"O que nos move é a fé e o compromisso que temos para com a Mãe". É assim que Miguel Figueiredo descreve o motivo pelo qual voltou a Fátima, apesar da pandemia, fazendo o caminho desde Braga.
"O ano passado também viemos, não há exceções para nós. Claro que temos receios, como toda a gente, mas a fé é mais forte", explica ao SAPO24. O grupo, constituído este ano por quatro elementos, fez um total de 240 km.
"Geralmente somos cinco a caminhar, mas um dos amigos não conseguiu vir por questões profissionais. De vez em quando lá se alarga mais e há mais o amigo do amigo que quer vir, mas não este ano", conta.

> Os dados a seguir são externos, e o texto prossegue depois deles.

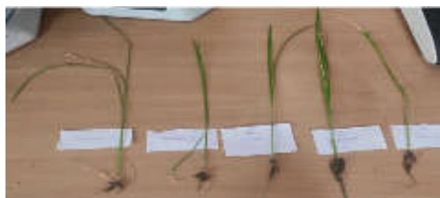
Fig.8 Biometric Observation of Azospirillum treated Rice seedlings

Rice seeds (ADT 45 Variety) were soaked overnight and were sown in pots. As soon as the seedlings start to emerge the Azospirillum was inoculated into these pots. Two controls and three replications/treatments were maintained. Under these two controls, no azospirillum was inoculated. In replications, T1 was inoculated with 50 ml of Azospirillum , T2 with 100 ml and T3 with 150 ml. After few days of their growth, the root as well as shoot lengths were measured which is given below in Table.1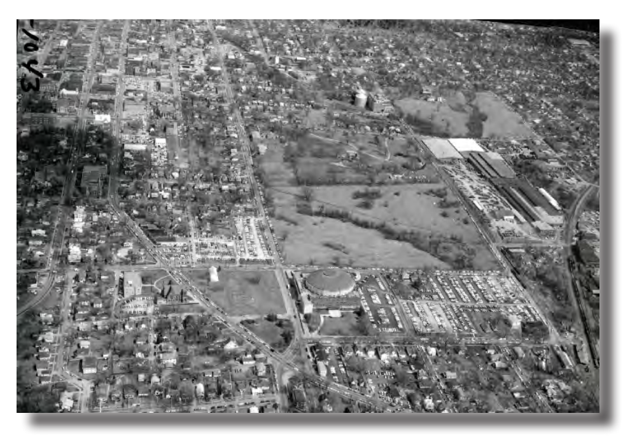
Photograph 26. Aerial view to the east showing the temple lot (including the filled-in excavation) and the surrounding RLDS (Community of Christ) and LDS properties, ca. 1950s.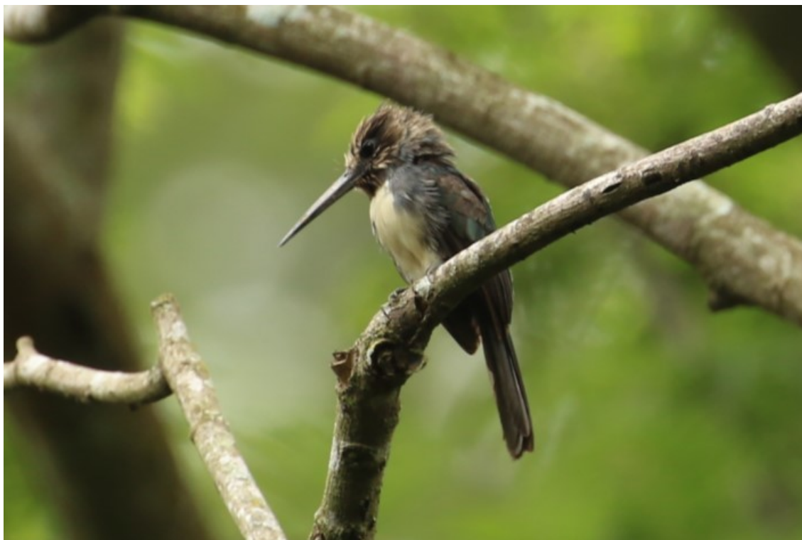
Three-toed Jacamar (Andy Foster)

We started the 1.5 hour drive back towards the lodge, coming across some heavy rain as we arrived in Nova Friburgo; we had indeed been very lucky with the weather! We had some tea, coffee and cake upon arrival before having a short break prior to dinner being served at 18.30, followed by our daily checklist. We had seen exactly 100 species today!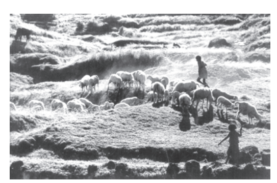
Fig. 6.3 Sheep rearing — an important income augmenting activity in rural areas

followed by others. Other animals which include camels, asses, horses, ponies and mules are in the lowest rung. India had about 300 million cattle, including 108 million buffaloes in 2012. Performance of the Indian dairy sector over the last three decades has been quite impressive. Milk production in the country has increased by about ten times between 1951-2016. This can be attributed mainly to the successful implementation of 'Operation Flood'. It is a system whereby all the farmers can pool their milk produced according to different grading (based on quality) and the same is processed and marketed to urban centres through cooperatives. In this system the farmers are assured of a fair price and income from the supply of milk to urban markets. As pointed out earlier Gujarat state is held as a success story in the efficient implementation of milk cooperatives which has been emulated by many states. Gujarat, Madhya Pradesh, Uttar Pradesh. Andhra Pradesh. Maharashtra, Punjab and Rajasthan, are major milk producing states. Meat,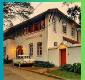
MATTANCHERI & FORT KOCHI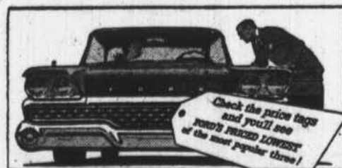
THE FAMOUS FORD LOW PRICES have already made a hit, because only in Fords will you find value and beauty coming together at down-to-earth prices!

The world's best-selling car is the car with Thunderbird elegance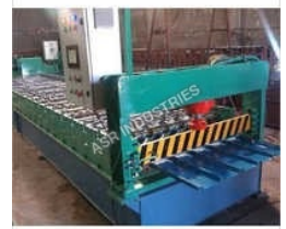
Roofing Roll Forming Machine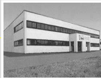
Transformer Plant Turin - Italy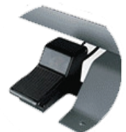
Pneumatic Foot Pedal Switch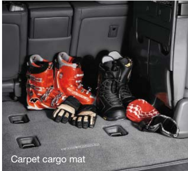
Carpet cargo mat

Genuine Toyota accessories are one good way. They're built to the same exacting standards as the Land Cruiser itself. Even if you don't customize it, though, odds are it will end up feeling like it's yours. After the first few hundred thousand miles or so. Some accessories may not be available in all regions of the country. See your Toyota dealer for details.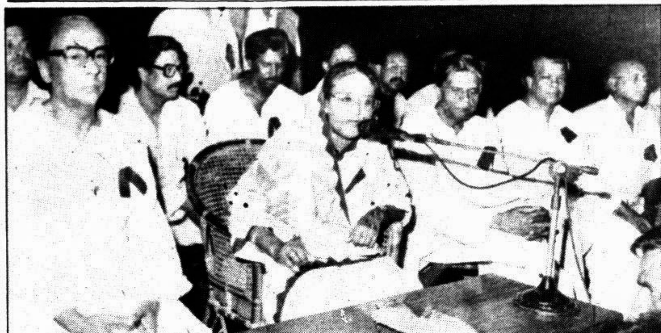
Awami League chief and Leader of the Opposition in Parliament Sheikh Hasina addressing a meeting of the Dhaka city unit of her party at her Minto Road residence in the city yesterday.

Endeavour holds what NASA says is the finest space radar ever designed for environmental research.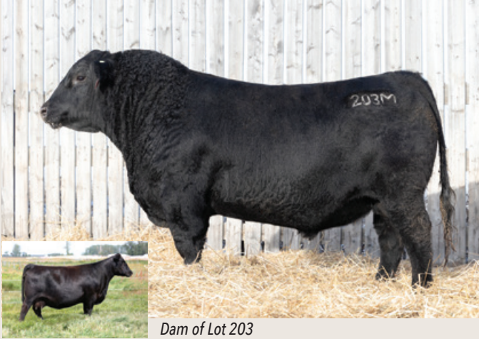
Dam of Lot 203

202M is a Glacier out of the $200,000 valuation Argentinian outcross Blair's Sarita female. The full sister just sold half to Jesse Winchester for $37,500, which we're extremely excited about. Combining the great Donna line with the highly predictable Sarita, has led to this big middled, thick topped, and long bodied bull with a great skull and front end.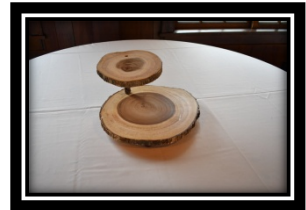
Two Tier Wood Display Stands $15.00/two stands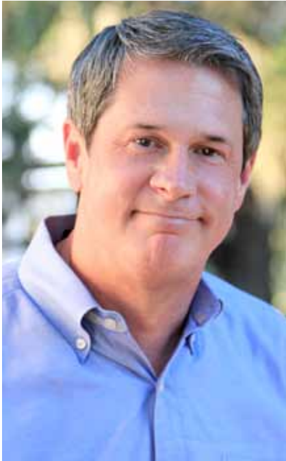
Senator David Vitter (R-LA)

Home-grown American energy, particularly natural gas, has produced a real job boom across America. It's clearly the brightest spot in our nation's otherwise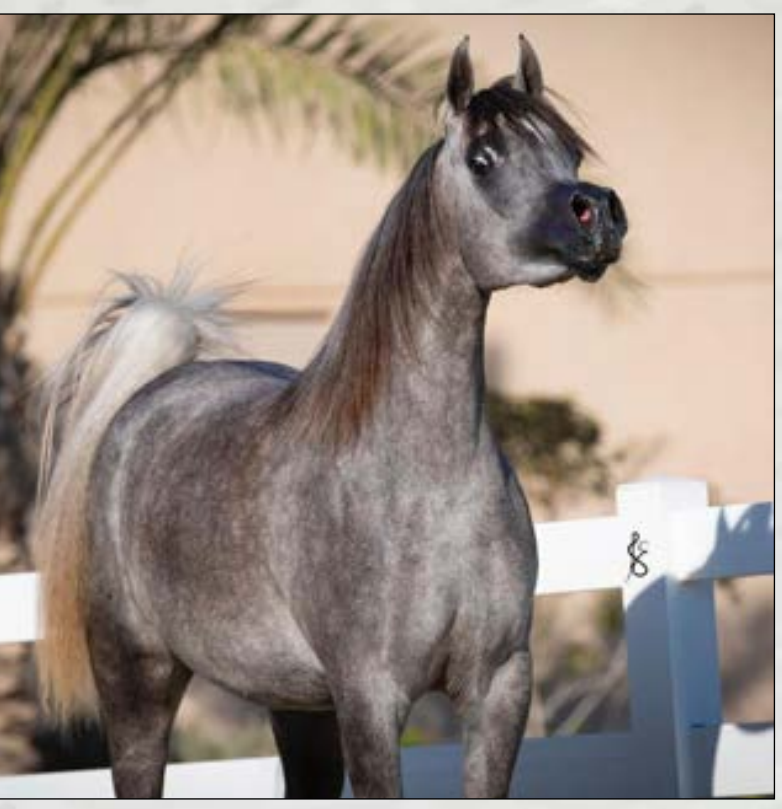
2018 Gold Champion Yearling Filly at the All Nationals Cup International Egyptian Event in Kuwait, Bosmat AA (Frasera Mashar x Basmah AA by Laheeh)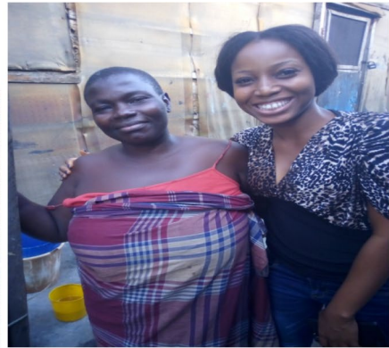
Plate 2. One of our co authors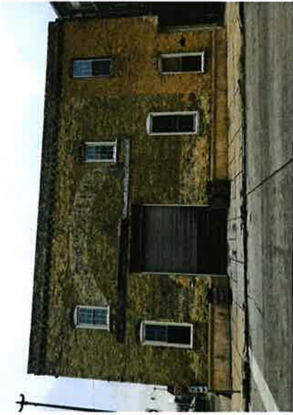
Front of building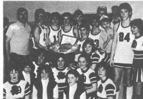
TEAM EFFORT — The Buffalo, N.Y., YOU basketball team celebrates with cheerleaders after winning the Division I title in the YOU district tournament in Buffalo March 13 and 14. Photo at right shows Division II game between Buffalo and Erie, Pa. (See "Youth Activities," this page.)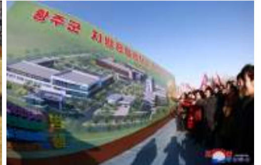
A ceremony is held to start the construction of regional-industry factories and a grain storage station in Hwangju County on February 26.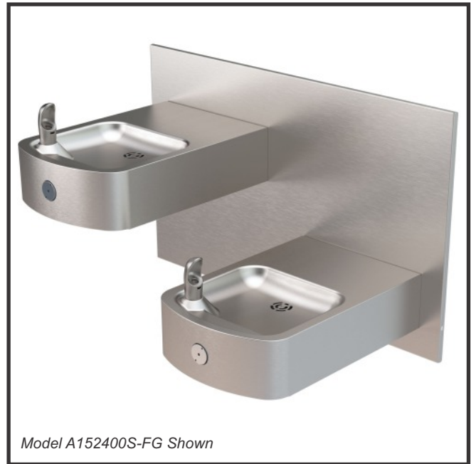
Model A152400S-FG Shown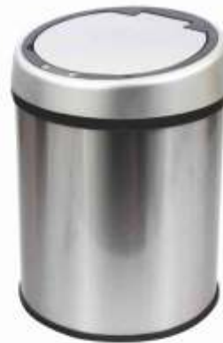
Code : QEE SS-40LD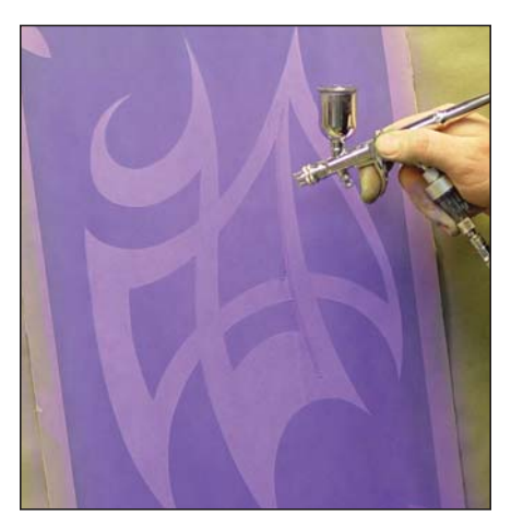
8. I mixed HoK PBC-40 violet pearl with BC-26 white to make an opaque pastel violet pearl base that will cover the black quickly. Mixing a little white in a color as the initial base allows it to cover much faster then multiple layering. ►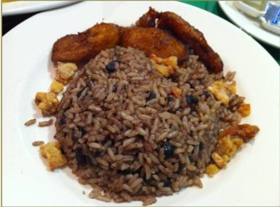
Black Bean Rice / Moro Rice mixed with black beans seasoned with herbs and spices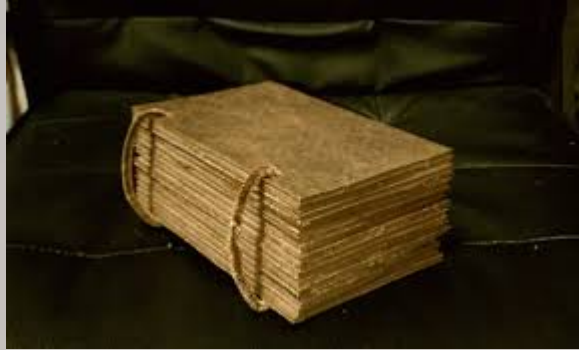
Golden Plates in New York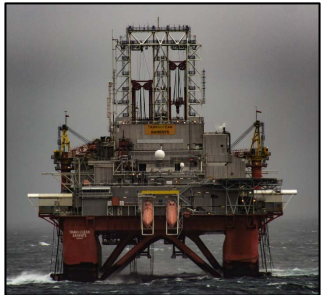
Figure 1: Transocean Barents MODU

Primary well control is maintained by drilling fluids ('mud') with sufficient density ('weight') to prevent the influx of formation fluid into the wellbore. Throughout the drilling industry, the loss of primary well control most frequently results from errors in fluid volume monitoring, swabbing, insufficient fluid density, or lost circulation. The objective for the 2020 drilling program is to maintain primary well control at all times by applying the preventative well control measures in the Transocean's Well Control Handbook, Equinor's Well Integrity and Well Control Manuals, and the TBR-Equinor Canada Well Control Bridging Document agreed between the Companies. Preventative well control measures include but are not limited to: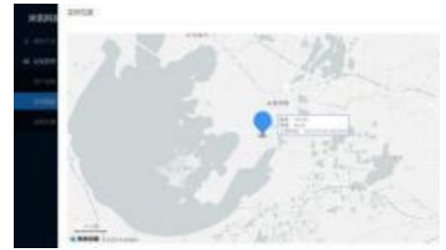
GPS positioning interface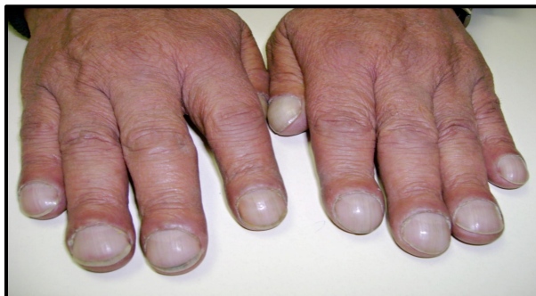
Fingernail clubbing in severe asbestos exposure.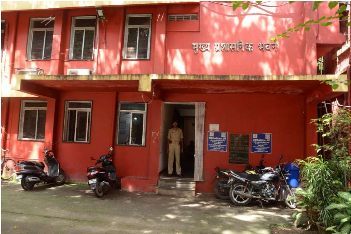
Buildings of Administrative Block of Ranchi University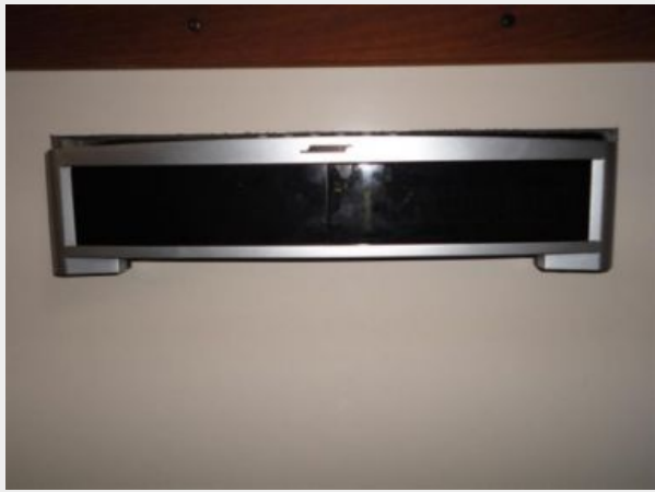
Bose Surround Sound System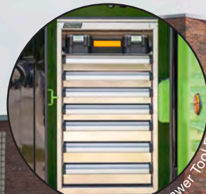
Optional 4 or 7 Drawer Tool Box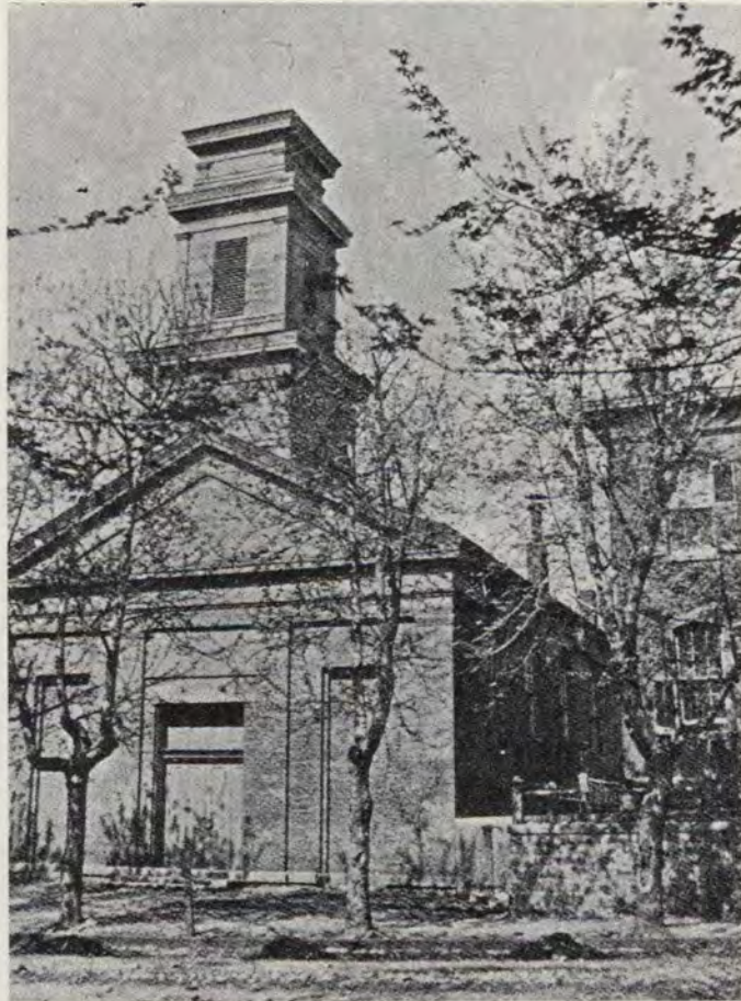
Old Zion Church, Burlington.

near the geographical center . . . and be consistent with the interest of the state, generally."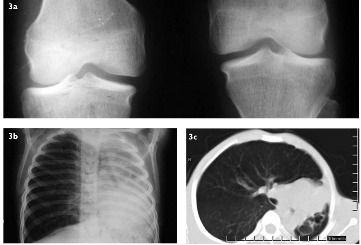
Fig.3 (a) Radiograph of both knees shows the absence of patella bilaterally. (b) Chest radiograph shows obvious left lung opacification, hyperinflation of the right lung and shifting of the mediastinum to the left side. (c) Axial CT image of the thorax shows a small hypoplastic left lung, with a small narrow left bronchus without any further branching.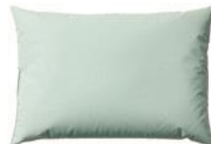
Cobi Large pillow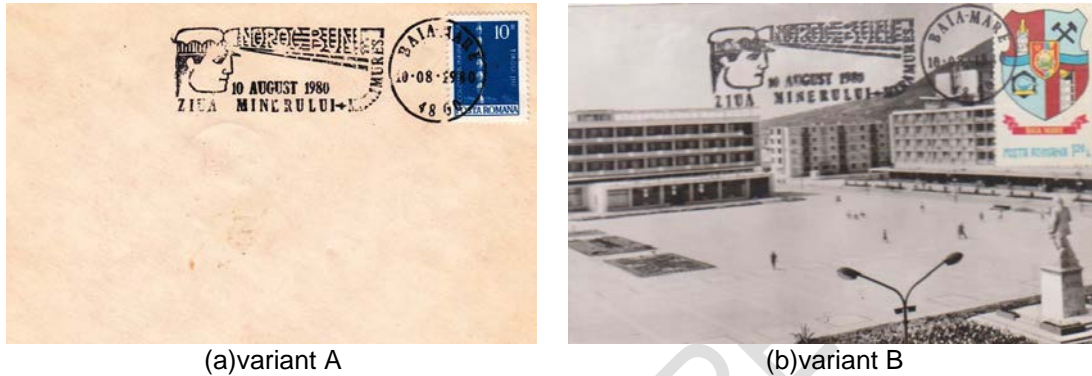
Fig. 9. A special stamp applied to different philatelic products, Baia Mare post office

In Fig. 9a [40] we rendered the image of an envelope "in white" which was crossed with the stamp of 10 bani from the usual program "Monuments" (LP #837) published on December 15, 1973, representing the infinity column from Târgu Jiu of the great sculptor Constantin Brâncuși. Others, more daring, tried to achieve a maximum (Fig. 9b) [41] using as a support a black and white postcard, which, in the right-front plane, displays the "Minerstatue" (rear view). As a postmark, they used the stamp with the coat of arms of the municipality of Baia Mare, which presents as thematic elements the chisel and the hammer. Both pieces were obliterated with the stamp made by the Baia Mare philatelists.

Movidos pela fé, a distância é atenuada. São oriundos de Penafiel, Braga e Barcelos, mas Fátima torna-se perto duas vezes por ano.
"Este grupo tem uma particularidade. Todos os anos compramos 40 imagens de Nossa Senhora de Fátima que são benzidas, em outubro, e em maio regressam connosco e vamos entregando às pessoas em várias situações: quando alguém tem um gesto nobre para connosco ou para com os outros e nós reconhecemos isso e também quando entendemos que a Senhora de Fátima vai criar algo positivo, por exemplo se for uma pessoa que está em sofrimento", partilha Miguel.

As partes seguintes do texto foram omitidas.